Return only those lines of the material that contain "shall".

■ Data to examine:
* * * * * * * * *

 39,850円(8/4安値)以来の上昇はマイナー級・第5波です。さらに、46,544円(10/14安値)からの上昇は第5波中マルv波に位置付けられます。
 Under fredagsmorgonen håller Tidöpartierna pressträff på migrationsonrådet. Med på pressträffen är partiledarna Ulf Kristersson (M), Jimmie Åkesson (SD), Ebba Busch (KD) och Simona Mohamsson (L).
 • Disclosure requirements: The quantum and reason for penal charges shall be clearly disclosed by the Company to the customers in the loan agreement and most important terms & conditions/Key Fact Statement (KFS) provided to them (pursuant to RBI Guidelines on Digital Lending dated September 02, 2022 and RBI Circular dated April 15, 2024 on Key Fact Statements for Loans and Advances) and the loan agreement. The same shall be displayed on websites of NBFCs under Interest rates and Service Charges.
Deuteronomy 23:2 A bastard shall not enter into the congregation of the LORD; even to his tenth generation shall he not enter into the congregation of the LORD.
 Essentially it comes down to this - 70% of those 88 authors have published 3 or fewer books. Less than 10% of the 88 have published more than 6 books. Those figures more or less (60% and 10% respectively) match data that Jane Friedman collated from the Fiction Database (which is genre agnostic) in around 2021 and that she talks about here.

* * * * * * * * *

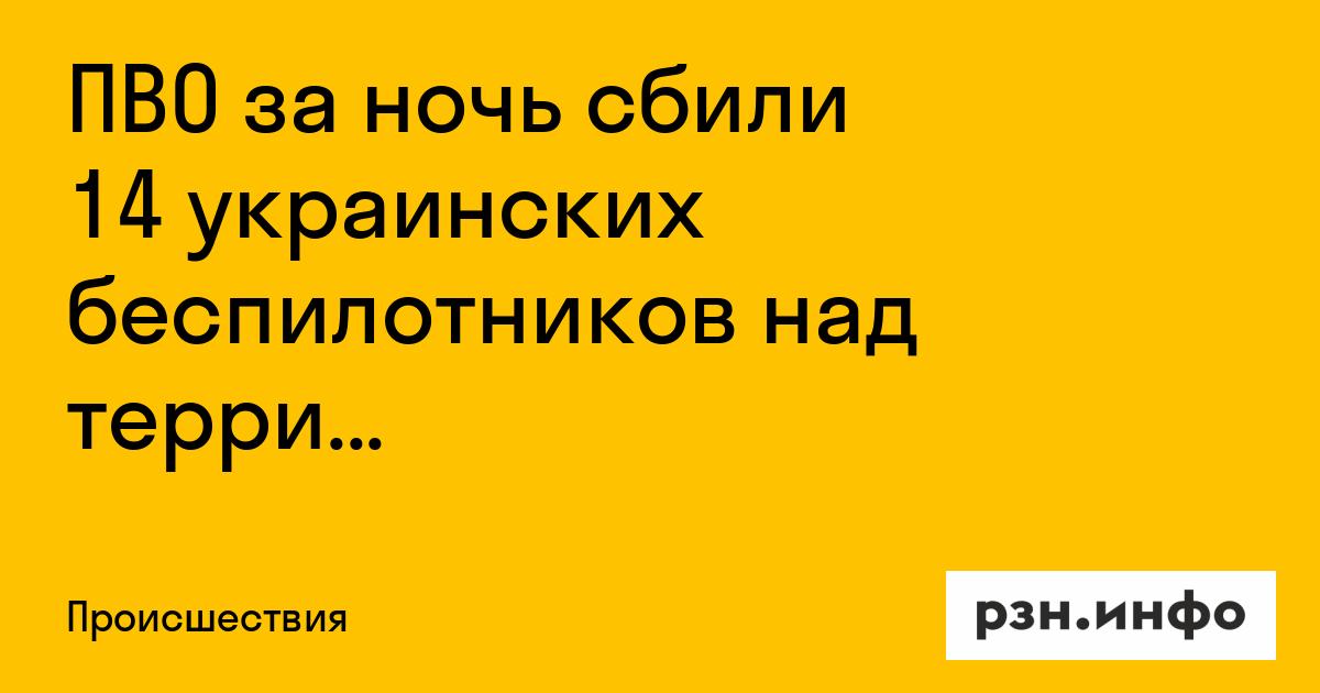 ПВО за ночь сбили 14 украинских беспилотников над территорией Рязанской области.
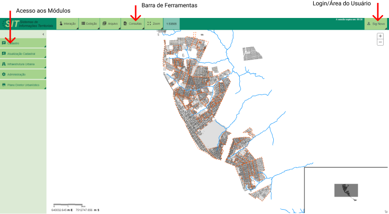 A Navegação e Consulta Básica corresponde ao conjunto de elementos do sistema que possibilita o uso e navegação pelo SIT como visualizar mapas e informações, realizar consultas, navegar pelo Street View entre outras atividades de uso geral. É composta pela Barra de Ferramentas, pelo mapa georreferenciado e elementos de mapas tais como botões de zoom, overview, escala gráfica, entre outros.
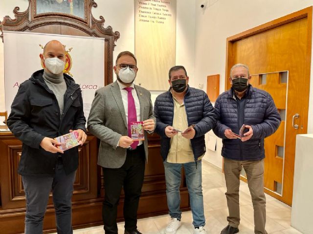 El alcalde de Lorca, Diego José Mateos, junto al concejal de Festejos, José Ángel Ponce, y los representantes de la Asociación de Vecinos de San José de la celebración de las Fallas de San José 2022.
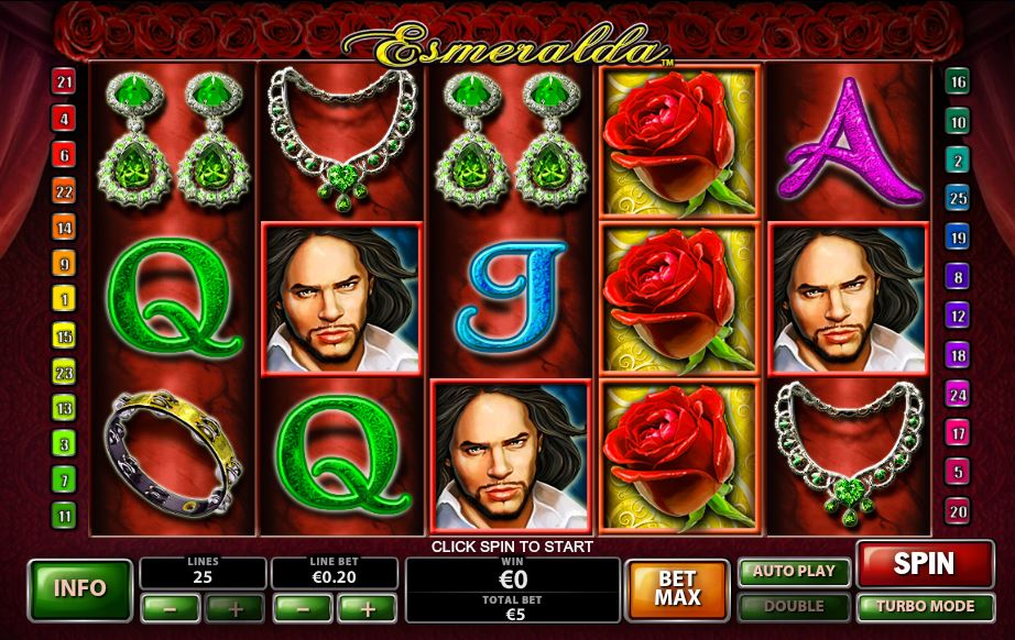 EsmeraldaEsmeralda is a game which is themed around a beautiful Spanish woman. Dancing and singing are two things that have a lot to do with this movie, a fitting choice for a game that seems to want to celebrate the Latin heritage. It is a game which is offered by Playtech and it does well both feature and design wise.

* * * * * * * * *

■ Solution:
 • Disclosure requirements: The quantum and reason for penal charges shall be clearly disclosed by the Company to the customers in the loan agreement and most important terms & conditions/Key Fact Statement (KFS) provided to them (pursuant to RBI Guidelines on Digital Lending dated September 02, 2022 and RBI Circular dated April 15, 2024 on Key Fact Statements for Loans and Advances) and the loan agreement. The same shall be displayed on websites of NBFCs under Interest rates and Service Charges.
Deuteronomy 23:2 A bastard shall not enter into the congregation of the LORD; even to his tenth generation shall he not enter into the congregation of the LORD.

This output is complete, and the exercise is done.